We thought that being a patient advocate was an option , not a requirement! After keeping an eye on our father when he was not able to make decisions for himself we discovered that the doctors and nurses ARE NOT GOD and make mistakes.
We found ourselves having to sit on these people
and make sure his needs were being addressed.
One thing we found helpful was keeping journal of the details of his treatment. A written account was much easier to follow than an oral account as we took turns staying with our father.
Once again, thanks for all your insights and experinces! They have been an invaluable source of information for my father and ouselves as we face new challenges in our cancer battle!

Hi, glad things are improving.

Who suggested ethyol? I hadn't heard of it till I read it online. The dr's here didn't mention it.

Is your father having Cisplatin? and IMRT Rad?
How old is your father?

Sounds like you guys are doing a good job at helping him out! Keep up the good work keep reminding your father that things do get better.

Lisa

Lisa,
Our RO told us about ethyol - we researched it, talked to him again and my dad decided to add it to his treatment. He knew there could be severe side effects but decided it was worth the risk. It really knocked him around and I would be surprised if he continues to use it.
He is 68, his cancer is stage 2, his chemo regimen is a 24 hour I.V. for 5 days of flourouracil and a pill twice a day of hydrea (If I'm correct ,the cisplatin would have been added if he had been stage 3). He is getting an IMRT twice a day. The treatments are one week on and one week off for 10 weeks.
This week ,as we were making sure he was being taken care of as he suffered from the side effects from the ethyol and we struggled with some health care issues, I almost forgot that he had cancer! I made mental list of our objectives; 1. He got all his chemo and radiation treatments this week. 2. he had 3 days of ethyol which is better than nothing. 3.his tumor has decreased in size.So, in terms of long term goals, he is making progress!
Scott

Thanks Scott for sharing your info.

Well your fathers treatment is different then what my Dad had. He had 35 IMRT rads, once a day 5 days a week (7 weeks). 3 Cisplatin chemo's at weeks 1, 3 and 6. With each one he stayed in overnight. First a couple hours of IV hydration; then chemo then I think it was more hydration; then IV pack of anti-nausea and steroids.

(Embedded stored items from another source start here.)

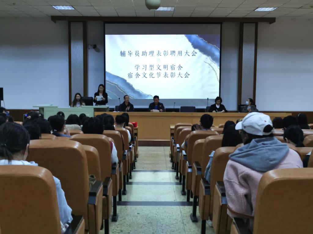 11月13日中午,正规滚球app平台官网于第三教学楼C区201举办辅导员助理表彰聘用大会暨学习型文明宿舍及宿舍文化节表彰大会。党委书记刘会娟、院长商利伟、书记刘磊、团委书记李维婷与冯晓伟等领导亲临活动现场。全体大一新生及大二、大三部分学生代表到场聆听。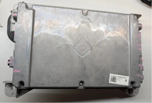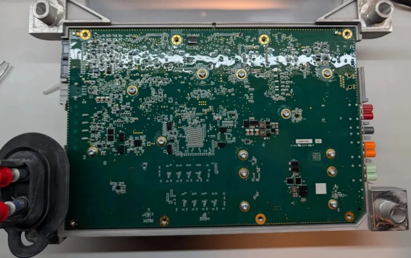 接下来进入内部拆解!如前文所述,AXM共包含4块PCB:2块主板+2块子板。两块主板分别位于中央水冷板两侧,一侧为XMM,一侧为ACM。拆下带 Rivian Logo 的一侧盖板,首先看到的是:XMM PCB!揭开外壳后首次看到XMM主板。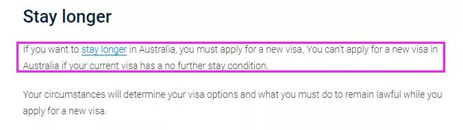 在澳洲當(dāng)?shù)剡M(jìn)行續(xù)簽的好處是,新的簽證申請(qǐng)一旦提交,移民局會(huì)自動(dòng)先發(fā)放一個(gè)Bridging Visa,也叫過橋簽。該過橋簽可以允許學(xué)生在當(dāng)前簽證失效之后合法待在澳洲境內(nèi),但期間不能離境,否則Bridging Visa自動(dòng)失效。你可能會(huì)留意到上面的截圖里有一個(gè)信息是you can’t apply for a new visa in Australia if your current visa has a no further stay condition,也就是說,如果你的簽證條款里有No further stay(即8534條款),那么就代表你不能在澳洲當(dāng)?shù)剡M(jìn)行簽證續(xù)簽,而是必須離開澳大利亞了之后才能遞交一個(gè)新的簽證申請(qǐng),這個(gè)信息也很重要哦!
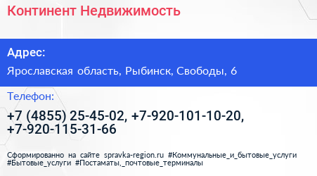 Континент Недвижимость по адресу Ярославская область, Рыбинск, Свободы, 6 в дальнейшем Организация, размещена в следующих категориях: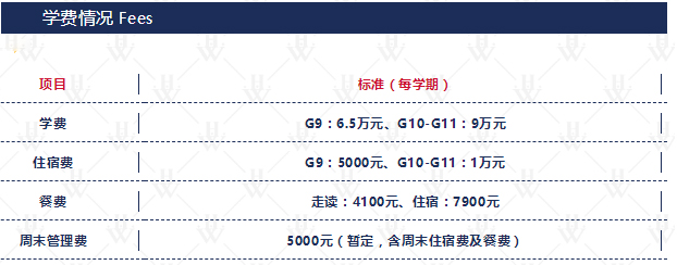初中部学费 65000元/生/学期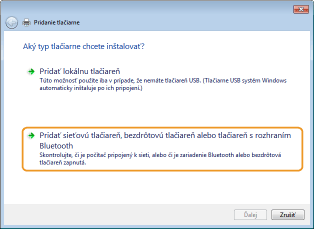 Ak používate systém Windows 7/Server 2008, kliknite na položku [Pridať sieťovú, bezdrôtovú alebo Bluetooth tlačiareň].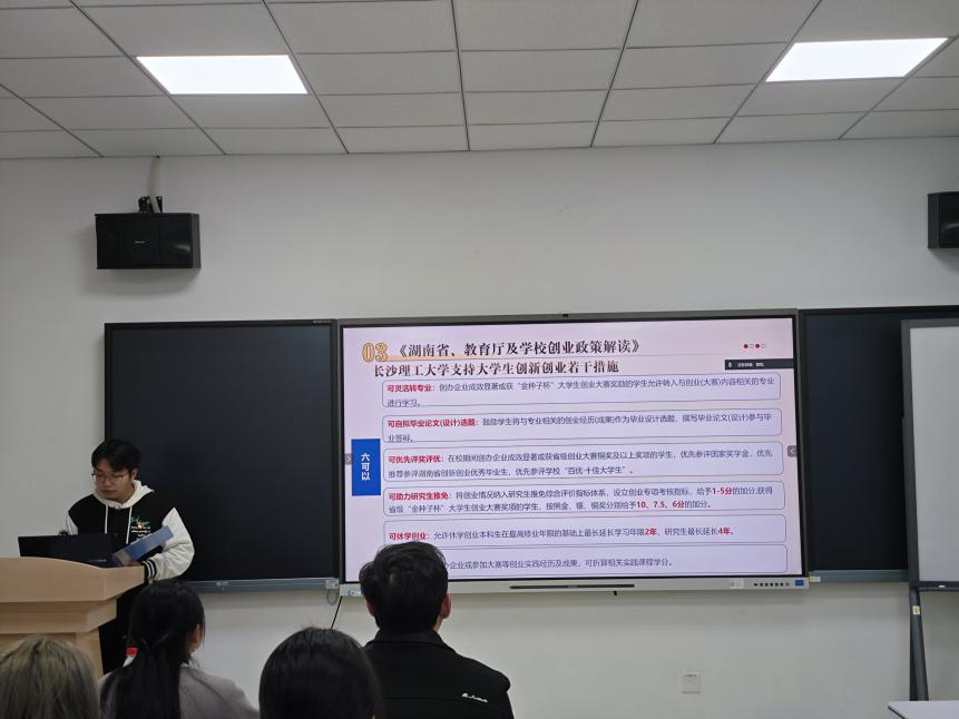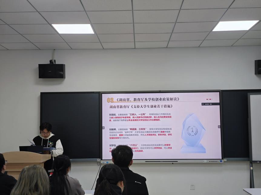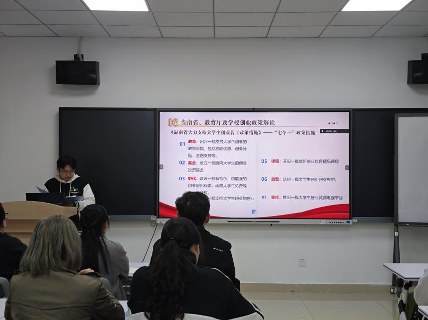 活动中,黄金同志详细解读了《湖南省大力支持大学生创业若干政策措施》的核心内容,重点介绍了“七个一”举措,并结合《支持大学生创业若干措施》《云顶国际vip8866支持大学生创新创业若干措施》等文件,系统阐释了“两直接”“三优先”“两配套”及“六可以”等具体政策。针对学生群体,我们详细介绍了政策中的“六可以”,包括:创业经历及成果可折算学分、可替代毕业论文(设计)、创业学生可休学创业、可灵活转专业、可参评评优评先、可推荐免试保研。此外,黄金同志还介绍了本校大学生创新创业园的相关扶持政策,以及第二届“金种子杯”大学生创业大赛的实施方案,鼓励同学们,特别是作为高年级党员,积极把握政策机遇,带动广大学弟学妹锤炼创新本领,勇于投身创业实践。

My Dad is 69 and he's doing very well 3 1/2 months since treatment finished. He had no problems the first 3 weeks of treatment. The 72 year old man we met having the same treatment did good too overall. Yes he'll get sick, tired etc; but it does get better. My Dad is eating well; not everything tastes good and yes his mouth is dry but nothing like some folks.

I made up a binder; I keep test results; questions, notes etc. It's very easy to forgot or confuse what the dr's say.

Keep us posted on your father; you guys will get thru this. Feel free to email me if you have any questions.

Take care,
Lisa

Lisa here--

As Scott has mentioned, this past week for dad really threw everyone for a loop. I knew that the ethyol would have some side effects to deal with, but never in my wildest dreams would I have imagined how violently nauscious it would have made him. As for the staff at the facility he is being treated at, I was not surprised, as I have had similar experinces at the same facility...I knew we would be in for a full-time battle to get the nursing staff to do their job correctly. I would be very surprised if my father went back on the ethyol...in fact, the other day, he said "I wish I had never heard the word ethyol"...I think that pretty much says it all. He had a chest x-ray today, and we will find out tomorrow whether or not he has contracted pnemonia. An interesting note...I have an online friend who is a paramedic who says he has seen some pretty nasty stuff go on with patients who have been on lasix and then get pnemonia. The lasix causes the phlem to become very thick and hard to cough up from the lungs. Lasix can be very helpful for what it's meant to do, but can take a bit too much fluid out of the phlem. I know my father is having a hard time getting the phlem up, and I'm imagining that is why. Once we get dad's lungs cleared out and home (hopefully) for a few days before he begins his next round of chemo/radiation, I'm hoping that it will go a bit better for him. It's been nice to see him smiling and joking a bit the past few days. He really had us all concerned this past week.
I'm so thankful for my family and how we have all united to ensure the best care for dad. I love you guys!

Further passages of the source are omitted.